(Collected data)
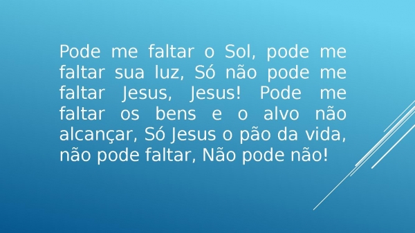 - Pode me faltar o Sol, pode me faltar sua luz, Só não pode me faltar Jesus, Jesus! Pode me faltar os bens e o alvo não alcançar, Só Jesus o pão da vida, não pode faltar, Não pode não!
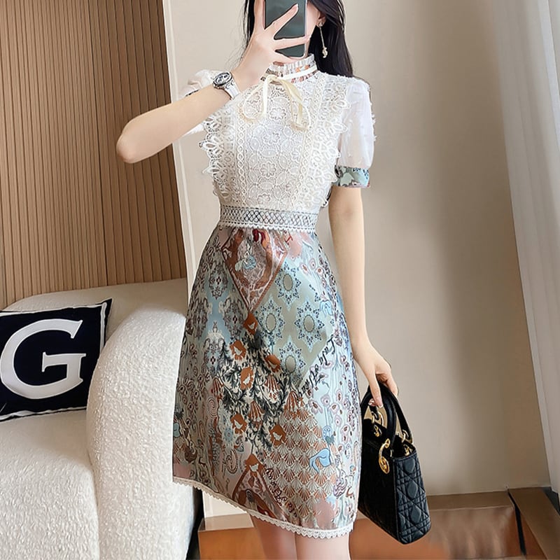 【Aivimoシリーズ】ワンピース レトロ 気質UP OL/通勤 レース 切り替え 半袖 大きいサイズ S M L XL 2XL
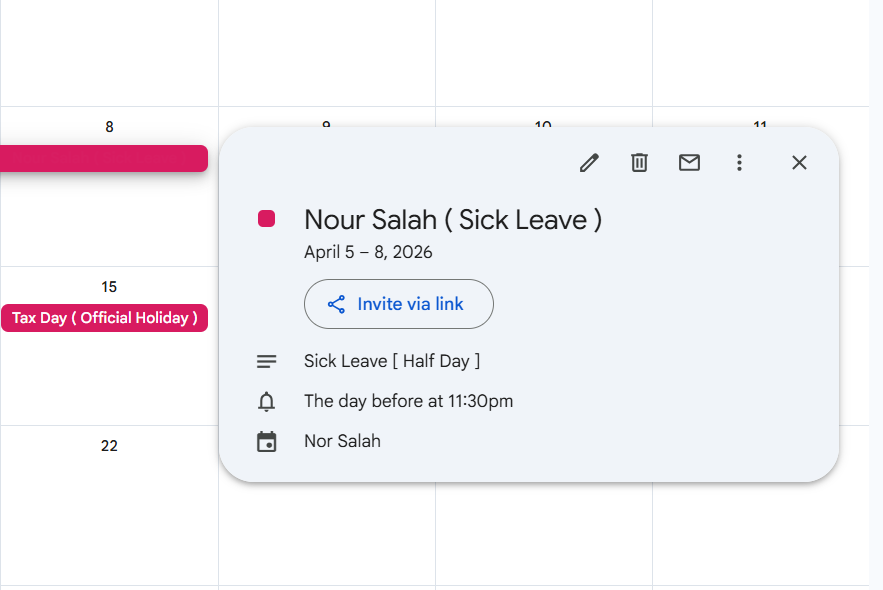 - Any updates, edits, or cancellations in Day Off will sync automatically
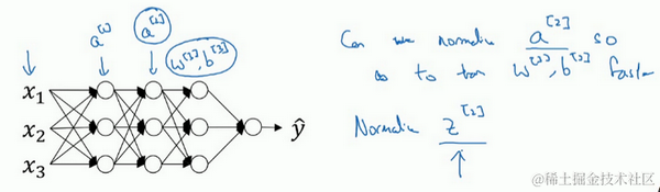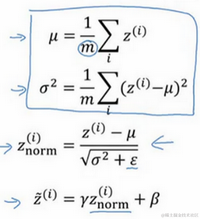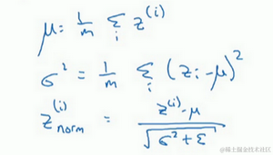 在神经网络中,已知一些中间值,假设你有一些隐藏单元值,从 到 ,这些来源于隐藏层,所以这样写会更准确,即 为隐藏层, 从1到 ,但这样书写,我要省略 及方括号,以便简化这一行的符号。所以已知这些值,如下,你要计算平均值,强调一下,所有这些都是针对 层,但我省略 及方括号,然后用正如你常用的那个公式计算方差,接着,你会取每个 值,使其规范化,方法如下,减去均值再除以标准偏差,为了使数值稳定,通常将 作为分母,以防 的情况。
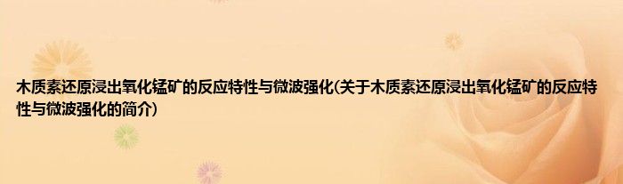 本文关于木质素还原浸出氧化锰矿的反应特性与微波强化的简介就讲解完毕,希望对大家有所帮助。
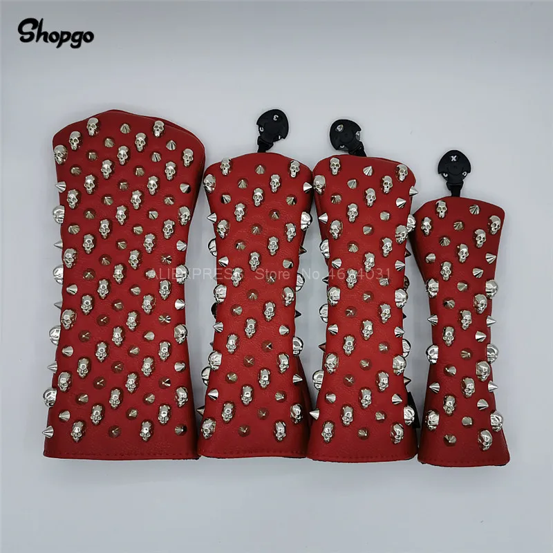 [Silver Skull Rivets] Red PU Golf Driver Headcover Fairway Woods Hybrid Putter Club Covers Complete
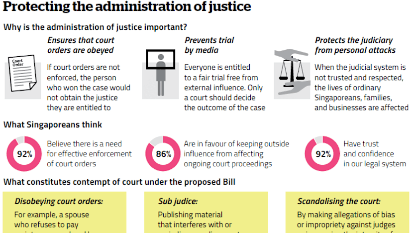 Asked if the influence of social media has made it more urgent to enact court contempt into the statutes, the Ministry of Law said the matter has been “in the works for several years”.
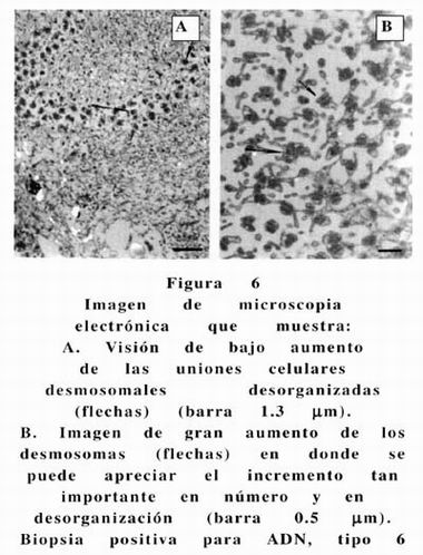 En casi todas las biopsias es evidente la desorganización de las uniones celulares denominadas desmosomas como se muestra en la figura 6.
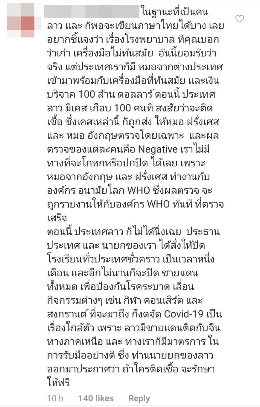 นอกจากนี้ ยังมีประชาชนชาวลาวที่เข้ามาแสดงความคิดเห็นว่า “เรื่องโรงพยาบาล ที่คุณบอกว่าเก่า เครื่องมือไม่ทันสมัย อันนี้ยอมรับว่าจริง แต่ประเทศเราก็มีหมอจากต่างประเทศ เข้ามาพร้อมกับเครื่องมือที่ทันสมัย และเงินบริจาค 100 ล้านดอลลาร์ ตอนนี้ประเทศลาวมีเคสเกือบ 100 คนที่สงสัยว่าจะติดเชื้อ ซึ่งเคสเหล่านี้ก็ถูกส่งให้หมอฝรั่งเศส และ หมออังกฤษตรวจโดยเฉพาะ และผลตรวจของแต่ละคนคือ Negative เราไม่มีทางที่จะโกหกหรือปกปิด ได้เลย เพราะ หมอจากอังกฤษ และ ฝรั่งเศส ทำงานกับ องค์กร อนามัยโลก WHO ซึ่งผลตรวจจะถูกรายงานให้กับองค์กร WHO ทันทีที่ตรวจเสร็จ
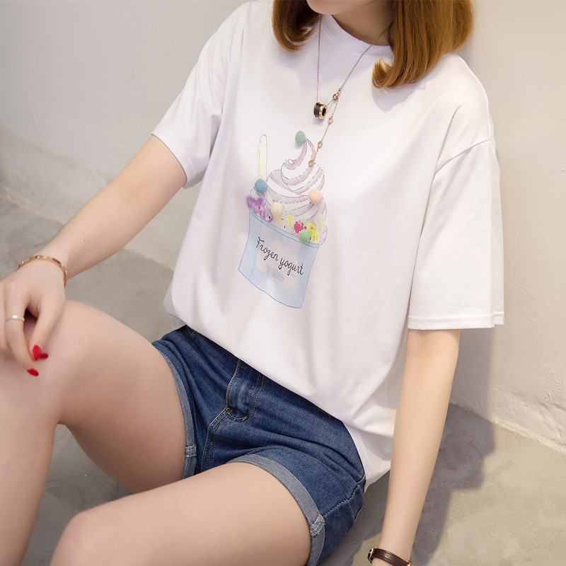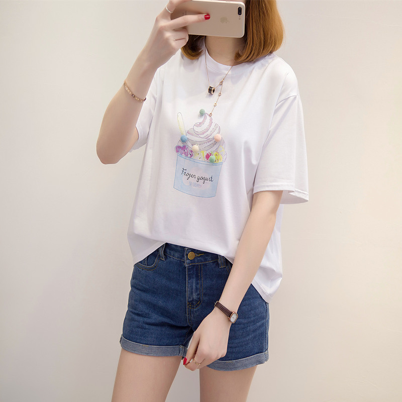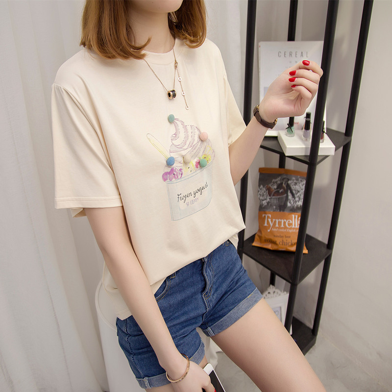 / 短袖t恤女新款韓版上衣女百搭寬松型學生打底體恤衫夏季女裝
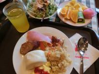 7時開始の朝食に7時に行き、朝食券をスタッフさんに渡して入場。前日よりも宿泊客さんの出足が早く、ようやく窓際のテーブルを確保できました。
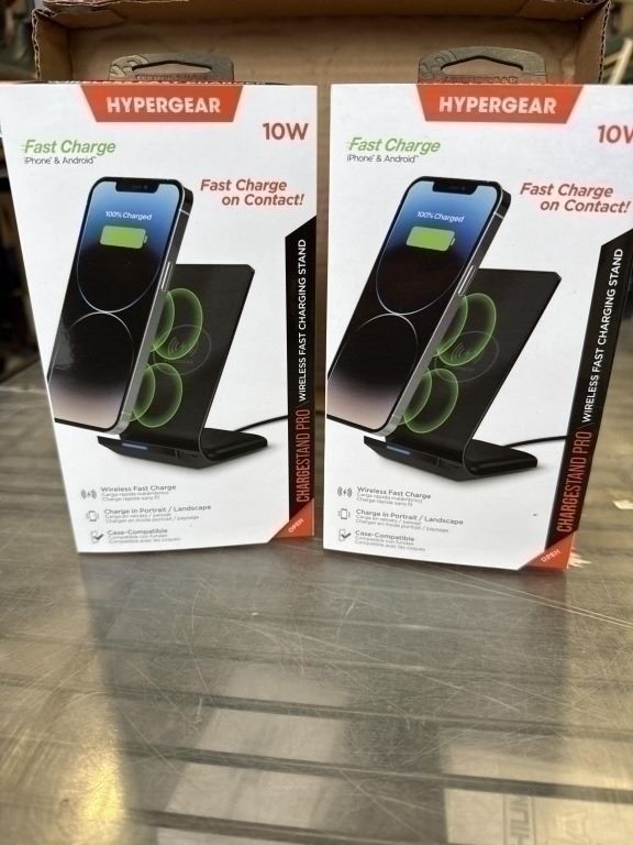2 NEW HYPERGEAR FAST CHARGE WIRELESS CHARGERS, WORKS IN PORTRAIT OR LANDSCAPE, CASE COMPATIBLE, INCL
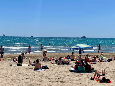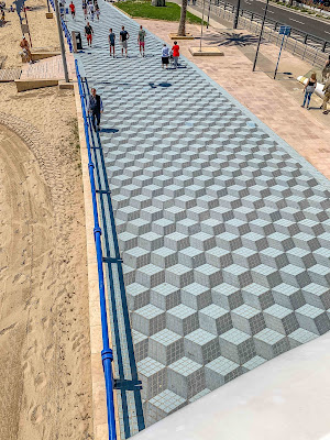 The walkway was so cool. It was a 3-D effect. The soft sand on the beaches was full of holiday makers aka vacationers.
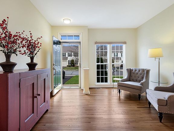 Welcome to 4454 Honeysuckle Lane, nestled in the highly sought-after Summer Meadow community of Plumstead Township. Upon entering this beautifully maintained 3-bedroom, 2.1-bathroom townhome, you're greeted by an open floor plan with 9' ceilings and newly refinished hardwood floors. A bright sitting area flows into the dining area, an ideal space for sophisticated meals & entertaining guests. The tastefully appointed kitchen features sleek granite countertops, stainless steel appliances, a pantry, and plenty of white cabinetry for all your storage needs. A cozy breakfast nook offers uninterrupted views of the expansive Trex deck, perfect for enjoying al fresco dining. The spacious great room invites natural light, providing a relaxing space for lounging. A convenient powder room and access to the one-car garage complete the main level. Upstairs, you'll find two generously sized bedrooms that share a full bathroom with a tub shower. The primary suite is a true sanctuary, offering a large walk-in closet plus an additional custom wall closet (both crafted by Closets by Design), and a luxurious remodeled en-suite bathroom with a soaking tub, double vanities, and an enclosed glass shower. The second level also features a convenient laundry room with additional storage space and a utility sink. The partially finished lower level offers endless possibilities, a perfect space for a home office, playroom, gym, craft room, or more. The unfinished area provides ample storage. With thoughtful upgrades, an open floor plan, and modern conveniences, this home has everything you're looking for. Located in the highly regarded Central Bucks School District. Don't miss out on this incredible opportunity, schedule your private showing today!

Assignment:
What you write out is the stretch of entries from the line containing "S M L XL 2XL" to the line containing "En casi todas", word for word, with both end lines and no pictures.

Answer box:
 【Aivimoシリーズ】ワンピース レトロ 気質UP OL/通勤 レース 切り替え 半袖 大きいサイズ S M L XL 2XL
 - Any updates, edits, or cancellations in Day Off will sync automatically
 在神经网络中,已知一些中间值,假设你有一些隐藏单元值,从 到 ,这些来源于隐藏层,所以这样写会更准确,即 为隐藏层, 从1到 ,但这样书写,我要省略 及方括号,以便简化这一行的符号。所以已知这些值,如下,你要计算平均值,强调一下,所有这些都是针对 层,但我省略 及方括号,然后用正如你常用的那个公式计算方差,接着,你会取每个 值,使其规范化,方法如下,减去均值再除以标准偏差,为了使数值稳定,通常将 作为分母,以防 的情况。
 本文关于木质素还原浸出氧化锰矿的反应特性与微波强化的简介就讲解完毕,希望对大家有所帮助。
 [Silver Skull Rivets] Red PU Golf Driver Headcover Fairway Woods Hybrid Putter Club Covers Complete
 Asked if the influence of social media has made it more urgent to enact court contempt into the statutes, the Ministry of Law said the matter has been “in the works for several years”.
 En casi todas las biopsias es evidente la desorganización de las uniones celulares denominadas desmosomas como se muestra en la figura 6.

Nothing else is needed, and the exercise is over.